The girl seems brisket-less, but otherwise nice, good topline, nice legs.  
I'd call her a keeper, but its your call  If my girl doesn't have a girl, i'd take her off your hands if you werent so far away.

AND because I am me, What names are you thinking?


----------



## hearthnsoul (Jul 5, 2009)

*Re: Catydid's Twins Are Finally Here! New Dried-Off Pics!*

Very Sassy,..congrats!


----------



## mistydaiz (Jan 28, 2011)

*Re: Catydid's Twins Are Finally Here! New Dried-Off Pics!*

Thanks!
We were thinking of Cricket for the doeling, and Skeeter for the buckling. We haven't decided yet.
But we wanted their names to go with Catydid their mom. A katydid is a bug, so maybe bug names..

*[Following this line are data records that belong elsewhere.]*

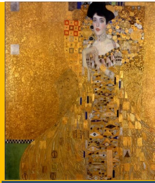
Portrait Of Adele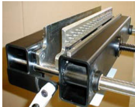
... with thread binding jaws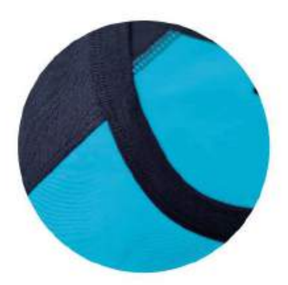
Adult & Child Raglan Round Neck

28/30/32/34/36 (CHILDREN) S/M/L/XL/2XL/3XL/4XL (ADULT)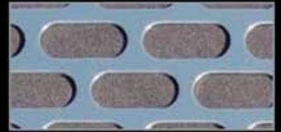
-40 Horizontal 5/16" Obrounds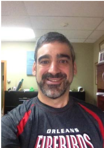
Me in my office

Professor David Hackett Fischer made an incredible impression on me from the first day I met him in person. I took 6 or 7 classes with him and was always amazed at his giant intellect.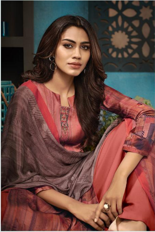
How beautiful is that! D.no:- 064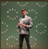
World Minds 2024 Belgrade (RS)

The 6SAVA consortium actively participated in conferences, workshops, fairs, stakeholder dialogues and podcasts across the region to raise awareness and foster collaboration.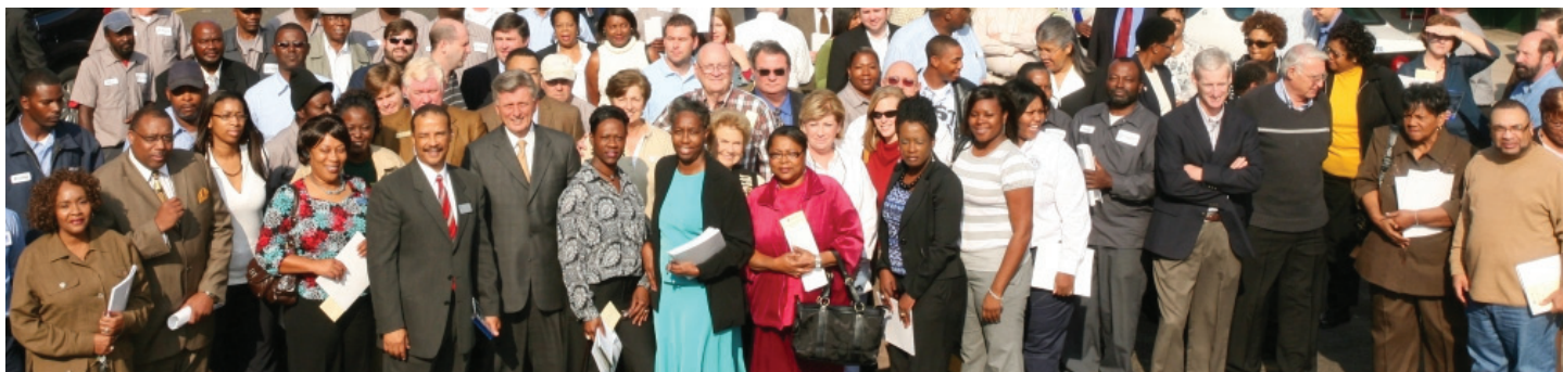
Phillips County Strategic Plan Launch Event

Southern Bancorp has continued its targeted development work in Phillips and Clark Counties, Arkansas, and in Sunflower County, Mississippi. Our approach is focused on the fundamentals of economic development: educational improvement and the development of strong local leadership.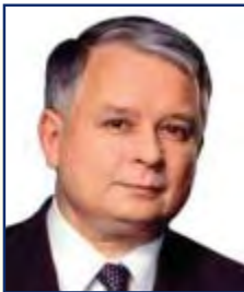
Mr Lech Kaczynski, President of the Republic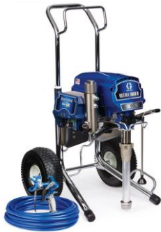
Ultra Max II 1595 Airless Sprayer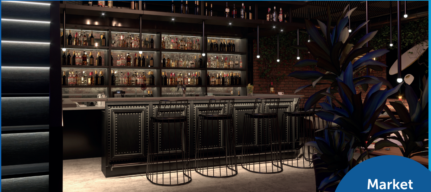
McLarens Hospitality' has launched!

Sharing news from McLarens UK & Ireland with colleagues and clients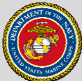
U.S. Marine Corps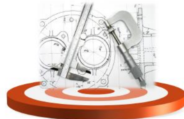
Phase 3 (Terms 3-4) Design and Create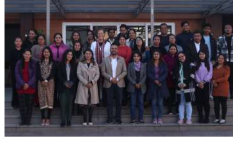
IWS teachers after attending a one day intensive Non-Violence Communication training.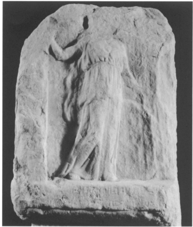
3. Athens, E.M. 2802a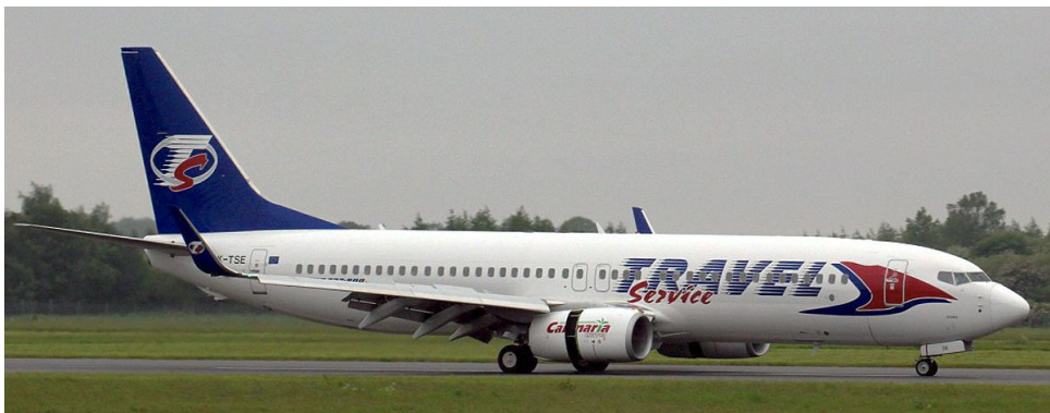
OK-TSE B737-800 Travel Service Doncaster 31/05/16 (Clive Featherstone)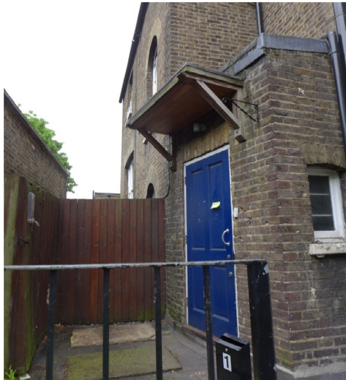
View of rear deck access to common flat stairs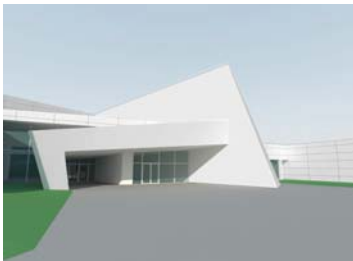
Barr + Wray is working at the new Cre8-designed complex in Linwood

Barr + Wray has recently begun work on installing the filtration systems for the pools, with the Glasgow-based group expecting to remain on site until early next year. It has also secured a £290,000 contract to refurbish the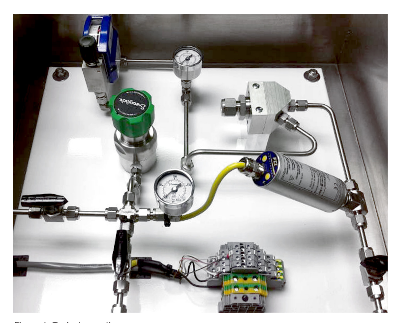
Figure 1: Typical sampling system

While there are a number of fluid flow monitoring technologies on the market, immersible thermal dispersion technology combined with packaging and sensor designs optimized for sampling systems has emerged as the new bestin-class technology. Thermal dispersion mass flow sensors have proven themselves for decades as extremely reliable in other demanding process and plant applications—often in relatively close proximity to analyzer systems.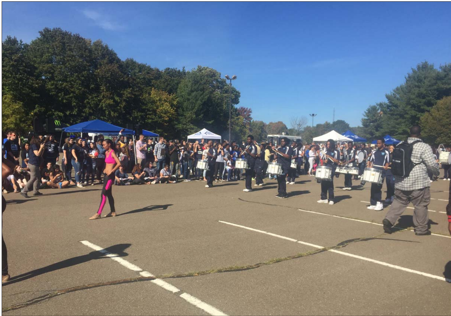
Students gather at Southern with spirit to celebrate Homecoming Day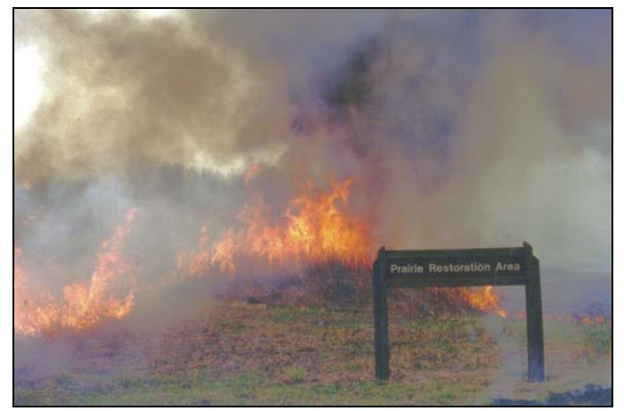
A controlled burn removes invasive weeds and revives prairie grasses.

wildfire toward town, since the prevailing winds routinely come from the northwest.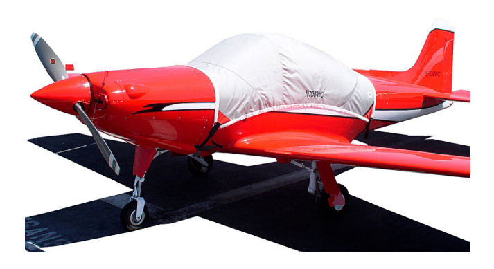
Falco Canopy Cover & Engine Plugs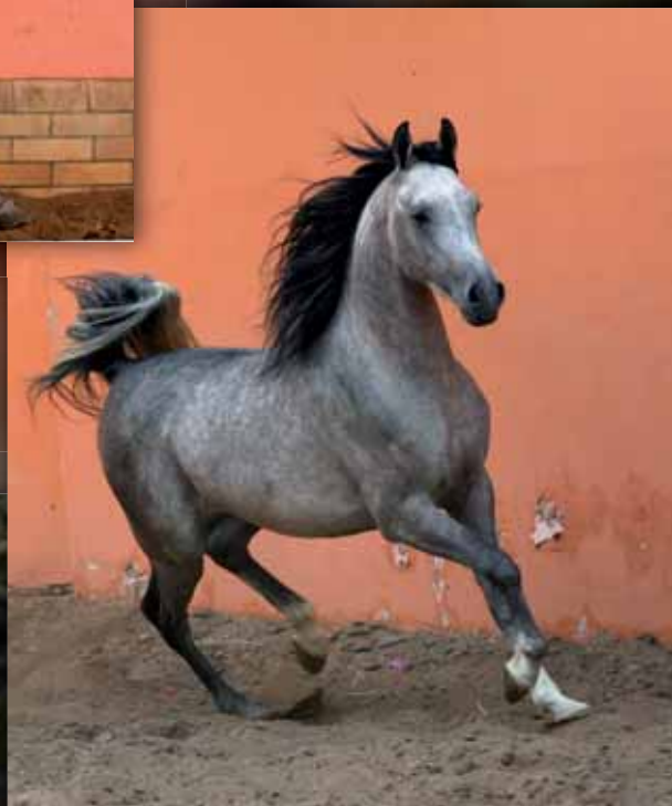
Gamehh Albadeia (Simeon Sharav x Bashoosha Albadeia)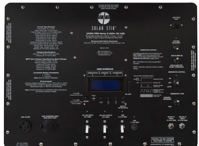
PRO-Verter S 2000 Faceplate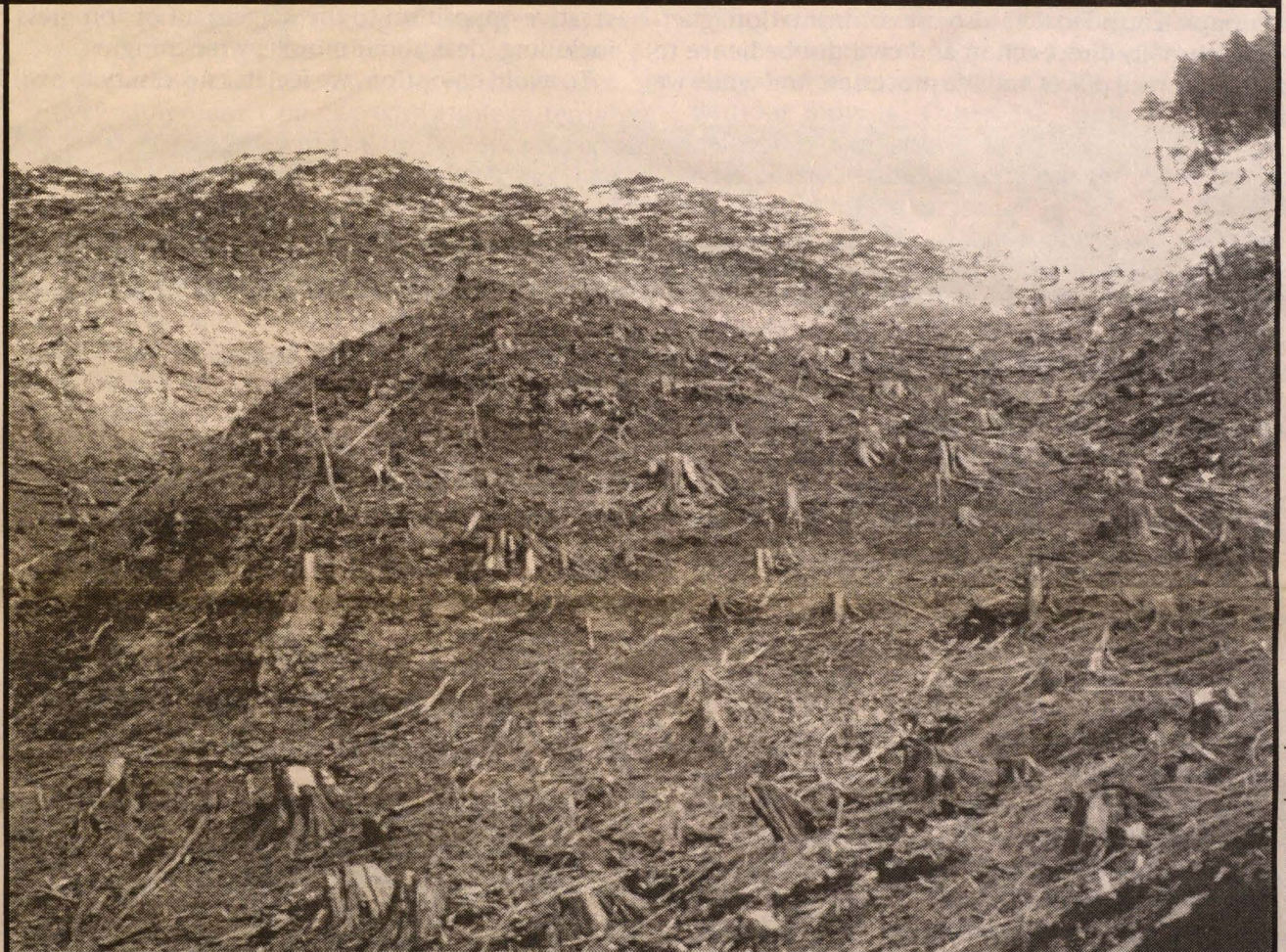
US Forest Service land management in the Olympic National Forest in Washington State

We—this generation of humans—are at our most important juncture since we came out of the trees six million years ago. It is our decision, ours today, whether Earth continues to be a marvelously living, diverse oasis in the blackness of space, or whether the charismatic megafauna of the future will consist of Norway rats and cockroaches.

Anyone have any bug/insect names?

The doeling is so adventurous and bold, a little sassy too; and the buckling is so sweet and loves to cuddle, he's more calm than his sister.

Yeah, they don't have much of a brisket, but they are all legs!


----------



## Mandara Farm (Sep 12, 2010)

*Re: Catydid's Twins Are Finally Here! New Dried-Off Pics!*

Oh they are SO cute! I love their coloring! And I love Cricket for a little doe's name -- very cute and goes with her momma's name 

Let's see -- other bug type names: Ladybug, Junebug (but then, it's not June yet...), Firefly, Grasshopper (for a buckling), BeetleJuice (not an actual bug, but could be cute if it fits his personality), Dragonfly, Skeeter (oh! You already have that one :laugh: )

Hope this is helpful -- what cuties they are!


----------



## Mandara Farm (Sep 12, 2010)

*Re: Catydid's Twins Are Finally Here! New Dried-Off Pics!*

Oh they are SO cute! I love their coloring! And I love Cricket for a little doe's name -- very cute and goes with her momma's name 

Let's see -- other bug type names: Ladybug, Junebug (but then, it's not June yet...), Firefly, Grasshopper (for a buckling), BeetleJuice (not an actual bug, but could be cute if it fits his personality), Dragonfly, Skeeter (oh! You already have that one :laugh: )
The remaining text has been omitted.